I'm not sure if the assumption that there are always 6 neighbours is correct, if so there's another bug in some other place (e.g. the ecal geometry code). If not, the solution is to just loop over the size of the vector. @tomeichlersmith maybe you know?
https://github.com/LDMX-Software/Ecal/blob/bb668db60852b86d85eab1bce910c64be02b16e2/src/Ecal/EcalVetoProcessor.cxx#L907-L922
// Skip hits that have a readout neighbor
// Get neighboring cell id's and try to look them up in the full cell map
// (constant speed algo.)
// these ideas are only cell/module (must ignore layer)
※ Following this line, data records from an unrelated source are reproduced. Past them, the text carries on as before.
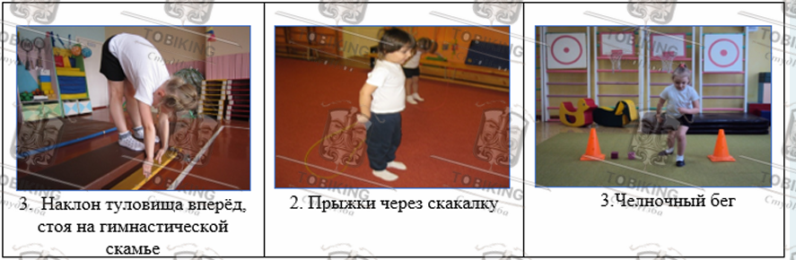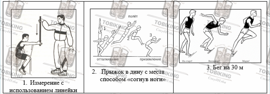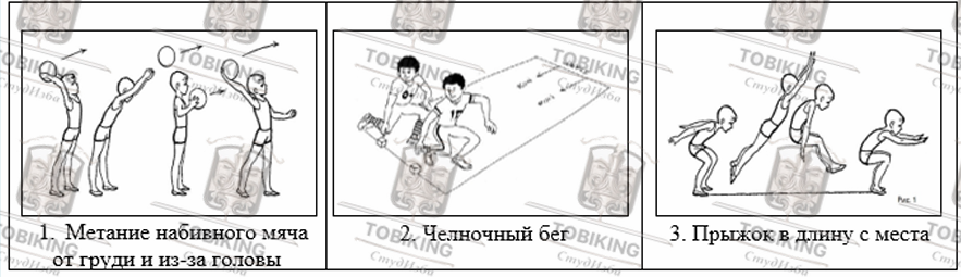 Внимательно рассмотрите изображения и выберите только один вариант названия двигательного теста, который входит в систему оценки скоростно-силовых качеств занимающихся 7-12 лет.
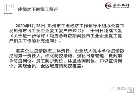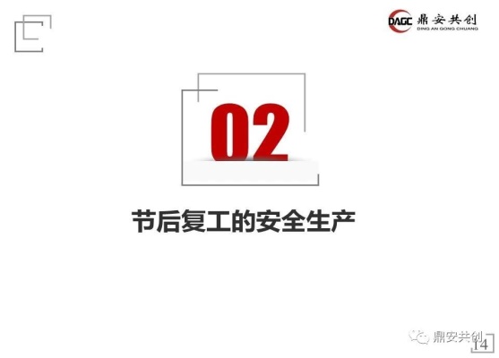 目前,新型冠状病毒感染的肺炎疫情形式依旧严峻,特别是节后工业企业陆续复工复产,容易形成人员集聚。疫情防控形势紧迫,责任重大。企业必须做好节后复工复产疫情防控工作,以下复工培训课件供大家参考。
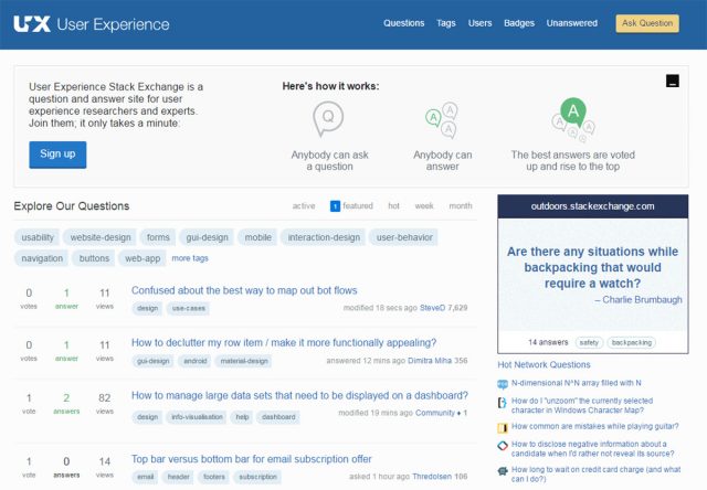 UXを専門にする優秀なサイトは数多くあります。特に以下のものは、私が質問を聞くのにお気に入りのサイトです。しかも、全部無料です。
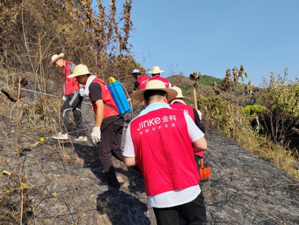 金科服務(wù)工作人員馳援山火。金科服務(wù)供圖
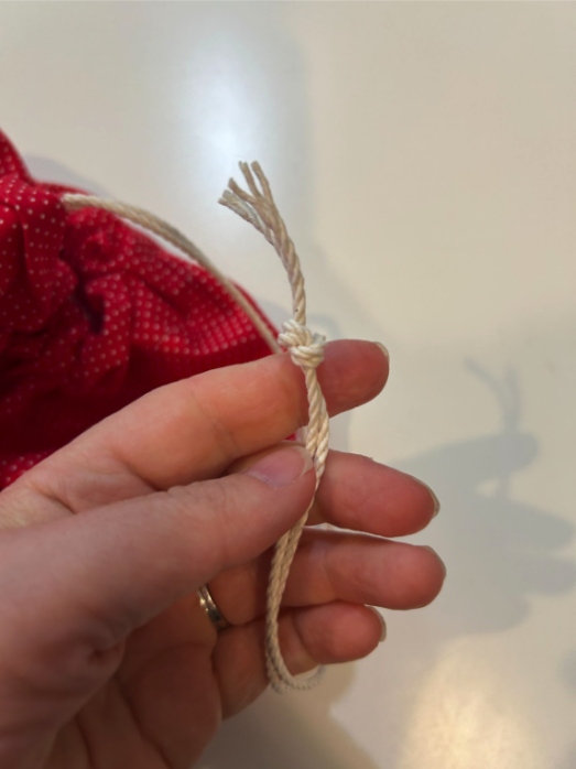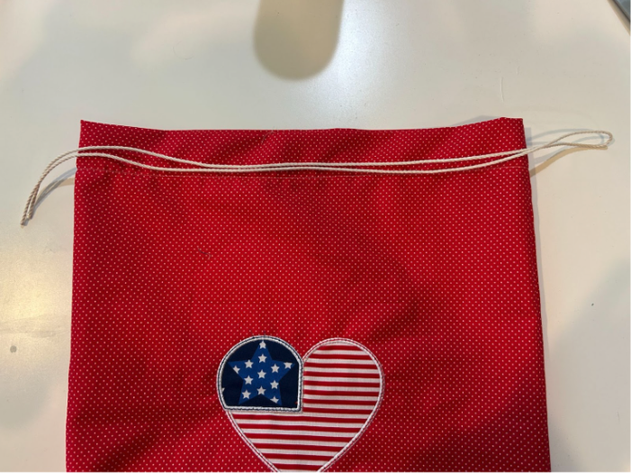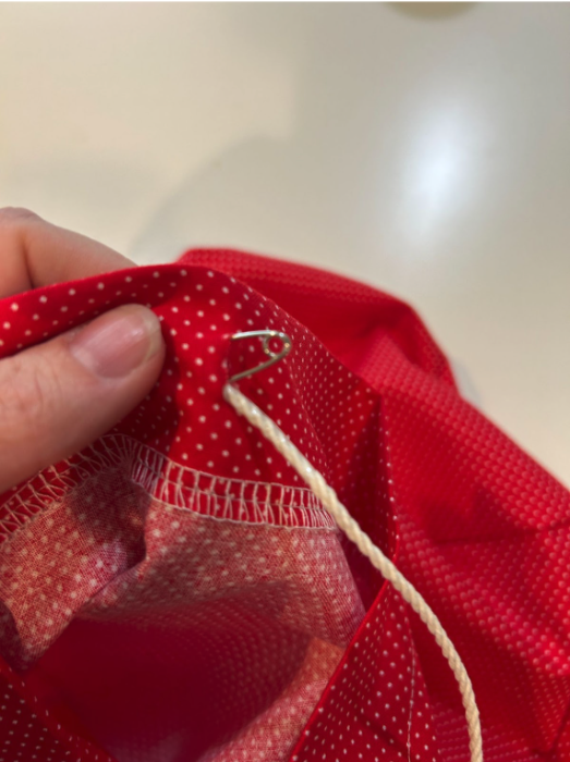 If it’s a bag you plan on reusing often, you can make a small buttonhole in the casing to have a more finished edge.
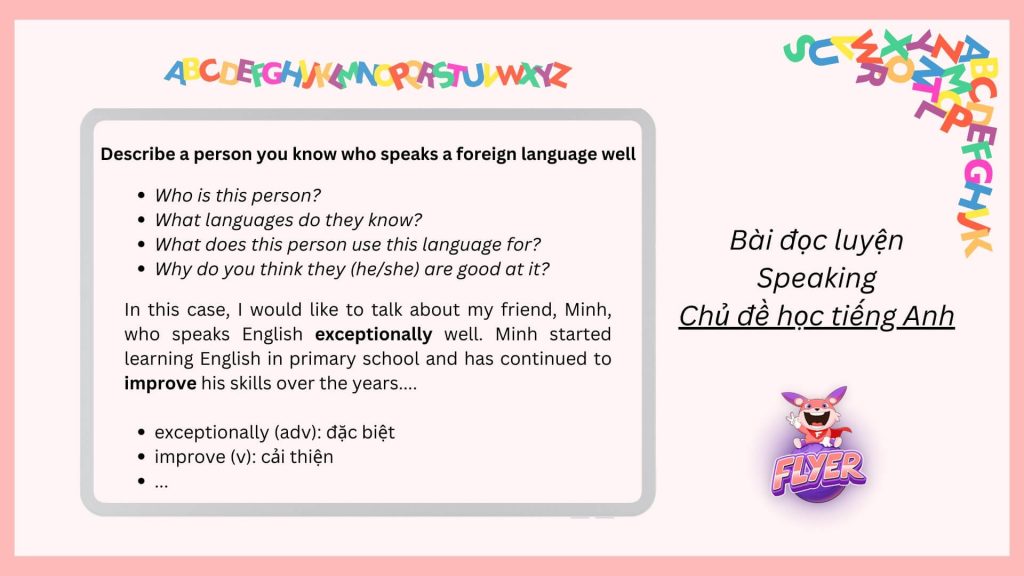 In this case, I would like to talk about my friend, Minh, who speaks English exceptionally well. Minh started learning English in primary school and has continued to improve his skills over the years. He is now fluent and can communicate effortlessly with native speakers.

std::vector<ldmx::EcalID> cellNbrIds = geometry_->getNN(id);
for (int k = 0; k < 6; k++) {
// update neighbor ID to the current layer
cellNbrIds[k] = ldmx::EcalID(id.layer(), cellNbrIds[k].module(),
cellNbrIds[k].cell());
// look in cell hit map to see if it is there
if (cellMap_.find(cellNbrIds[k]) != cellMap_.end()) {
isolatedHit = std::make_pair(false, cellNbrIds[k]);
break;
}
}
I am also seeing an overflow in
dis[0] = faceXY[0] - mapsx[index + step];
Which I'm guessing has to be related to the mapsx access.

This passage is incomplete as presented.